Firstly, Keith Orton’s authentic country house set design instantly impresses, enjoying a deserved and spontaneous round of applause as soon as the curtains part. Built and decorated from scratch by a thirteen-strong team the demands of the play’s two-storey, nine-door (well, eight doors and a window to be precise) set are well met. The Miller Centre’s steeply raked, two-hundred seat auditorium and pros-arched stage do their best to obscure sightlines accompanying any high set, but Orton’s brilliantly revolving and surprisingly sturdy one-piece design reliably serves all angles.

Kicking off proceedings onstage and introducing on Mrs Clackett’s famous plate of sardines is the very experienced Nikki Packham – in her second stint as Dotty Otley (the first being 2008). It’s these very sardines, of course, which named our magazine and Packham does extremely well in the role in terms of comic timing as well as fish-management. Kevin Hayes, another well-established performer on the amateur circuit, does well to bring a nice sense of authority and worldly wisdom (not to mention a fair share of womanising) to the role of Nothing On’s director, Lloyd Dallas. Hayes' natural energy an increasingly volatile stress levels in act two are spot on.

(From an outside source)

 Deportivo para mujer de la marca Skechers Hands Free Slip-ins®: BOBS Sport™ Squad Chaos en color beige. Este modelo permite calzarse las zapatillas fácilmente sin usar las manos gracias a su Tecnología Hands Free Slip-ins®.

I particularly enjoyed Peter Calver’s high-energy performance as Garry Lejeune. The self-appointed spokesman for the troupe of actors is a joy to watch, especially later on with his hapless attempts to reach the final curtain despite all around him literally descending into farce. Robin Clark provided a nicely original touch developing Freddy's relationship with his cardboard-box comforter, and also worthy of special mention is Reg Anderson’s lovely old-timer portrayal of Selsdon Mowbray – the actor who has seen it all, done it all and is probably well past his sell-by date.

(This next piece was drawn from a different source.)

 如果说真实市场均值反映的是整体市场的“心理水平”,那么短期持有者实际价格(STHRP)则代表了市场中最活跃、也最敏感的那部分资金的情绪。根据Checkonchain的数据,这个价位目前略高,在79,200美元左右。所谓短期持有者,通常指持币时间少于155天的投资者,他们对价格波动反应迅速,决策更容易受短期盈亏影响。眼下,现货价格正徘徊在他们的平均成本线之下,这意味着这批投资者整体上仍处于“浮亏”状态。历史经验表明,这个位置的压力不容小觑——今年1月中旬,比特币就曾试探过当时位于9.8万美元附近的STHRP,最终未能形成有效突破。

Barring one gripe, full marks were indeed there for the taking. The great skill in nailing this comedy – and any farce for that matter – is to play it for real; completely naturalistically, and let the writing do its job. I did feel that throughout first act and into the start of the second, a heavy focus was put on conveying the plot at the expense of the naturalism and pace – to a point where most lines were being announced rather than naturally played out. Yes, the all-important mechanics must be overcome, but it’s the nine hilariously-written characters that ultimately make Noises Off so funny. The writing is brilliant, so there’s no need to slow the rhythm down in order to bang the audience on the head with it – they’ll get it.

Despite my single reservation (which in no way should detract from a great night’s entertainment), the audience on the night – especially the Noises Off virgins – were positively rolling in their seats with laughter. So job done, I’d say!